In late 2012, AI scientists first figured out how to get neural networks to “see.” They proved that software designed to loosely mimic the human brain could dramatically improve existing computer-vision systems. The field has since learned how to get neural networks to imitate the way we reason, hear, speak, and write.
But while AI has grown remarkably human-like—even superhuman—at achieving a specific task, it still doesn’t capture the flexibility of the human brain. We can learn skills in one context and apply them to another. By contrast, though DeepMind’s game-playing algorithm AlphaGo can beat the world’s best Go masters, it can’t extend that strategy beyond the board. Deep-learning algorithms, in other words, are masters at picking up patterns, but they cannot understand and adapt to a changing world.
Researchers have many hypotheses about how this problem might be overcome, but one in particular has gained traction. Children learn about the world by sensing and talking about it. The combination seems key. As kids begin to associate words with sights, sounds, and other sensory information, they are able to describe more and more complicated phenomena and dynamics, tease apart what is causal from what reflects only correlation, and construct a sophisticated model of the world. That model then helps them navigate unfamiliar environments and put new knowledge and experiences in context.
AI systems, on the other hand, are built to do only one of these things at a time. Computer-vision and audio-recognition algorithms can sense things but cannot use language to describe them. A natural-language model can manipulate words, but the words are detached from any sensory reality. If senses and language were combined to give an AI a more human-like way to gather and process new information, could it finally develop something like an understanding of the world?
The hope is that these “multimodal” systems, with access to both the sensory and linguistic “modes” of human intelligence, should give rise to a more robust kind of AI that can adapt more easily to new situations or problems. Such algorithms could then help us tackle more complex problems, or be ported into robots that can communicate and collaborate with us in our daily life.
New advances in language-processing algorithms like OpenAI’s GPT-3 have helped. Researchers now understand how to replicate language manipulation well enough to make combining it with sensing capabilities more potentially fruitful. To start with, they are using the very first sensing capability the field achieved: computer vision. The results are simple bimodal models, or visual-language AI.
In the past year, there have been several exciting results in this area. In September, researchers at the Allen Institute for Artificial Intelligence, AI2, created a model that can generate an image from a text caption, demonstrating the algorithm’s ability to associate words with visual information.

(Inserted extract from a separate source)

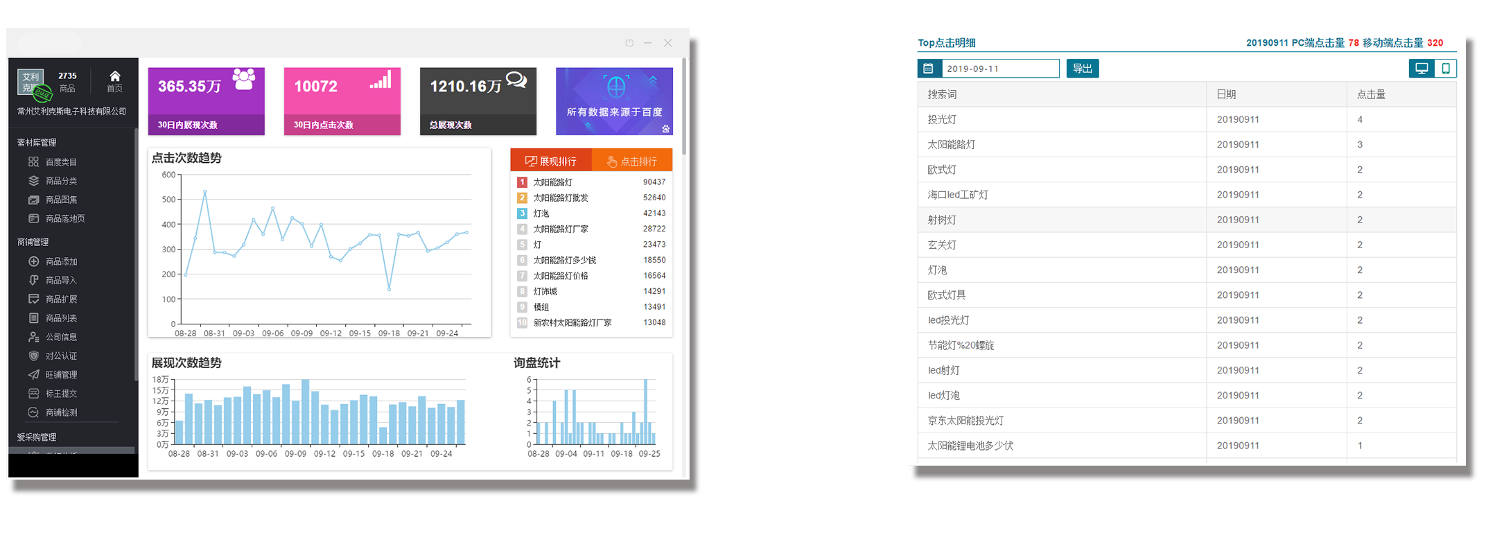 截止2019年9月9日,只百度愛采購平臺的曝光量已經累計1044.84萬,日點擊次數已經上百,詢盤量持續(xù)穩(wěn)定。

In November, researchers at the University of North Carolina, Chapel Hill, developed a method that incorporates images into existing language models, which boosted the models’ reading comprehension.
OpenAI then used these ideas to extend GPT-3. At the start of 2021, the lab released two visual-language models. One links the objects in an image to the words that describe them in a caption. The other generates images based on a combination of the concepts it has learned. You can prompt it, for example, to produce “a painting of a capybara sitting in a field at sunrise.” Though it may have never seen this before, it can mix and match what it knows of paintings, capybaras, fields, and sunrises to dream up dozens of examples.
Achieving more flexible intelligence wouldn’t just unlock new AI applications: it would make them safer, too.
More sophisticated multimodal systems will also make possible more advanced robotic assistants (think robot butlers, not just Alexa). The current generation of AI-powered robots primarily use visual data to navigate and interact with their surroundings. That’s good for completing simple tasks in constrained environments, like fulfilling orders in a warehouse. But labs like AI2 are working to add language and incorporate more sensory inputs, like audio and tactile data, so the machines can understand commands and perform more complex operations, like opening a door when someone is knocking.
In the long run, multimodal breakthroughs could help overcome some of AI’s biggest limitations. Experts argue, for example, that its inability to understand the world is also why it can easily fail or be tricked. (An image can be altered in a way that’s imperceptible to humans but makes an AI identify it as something completely different.) Achieving more flexible intelligence wouldn’t just unlock new AI applications: it would make them safer, too. Algorithms that screen résumés wouldn’t treat irrelevant characteristics like gender and race as signs of ability. Self-driving cars wouldn’t lose their bearings in unfamiliar surroundings and crash in the dark or in snowy weather. Multimodal systems might become the first AIs we can really trust with our lives.
ChatGPT is about to revolutionize the economy. We need to decide what that looks like.
When Anton Korinek, an economist at the University of Virginia and a fellow at the Brookings Institution, got access to the new generation of large language models such as ChatGPT, he did what a lot of us did: he began playing around with them to see how they might help his work. He carefully documented their performance in a paper in February, noting how well they handled 25 “use cases,” from brainstorming and editing text (very useful) to coding (pretty good with some help) to doing math (not great).
ChatGPT did explain one of the most fundamental principles in economics incorrectly, says Korinek: “It screwed up really badly.” But the mistake, easily spotted, was quickly forgiven in light of the benefits. “I can tell you that it makes me, as a cognitive worker, more productive,” he says. “Hands down, no question for me that I’m more productive when I use a language model.”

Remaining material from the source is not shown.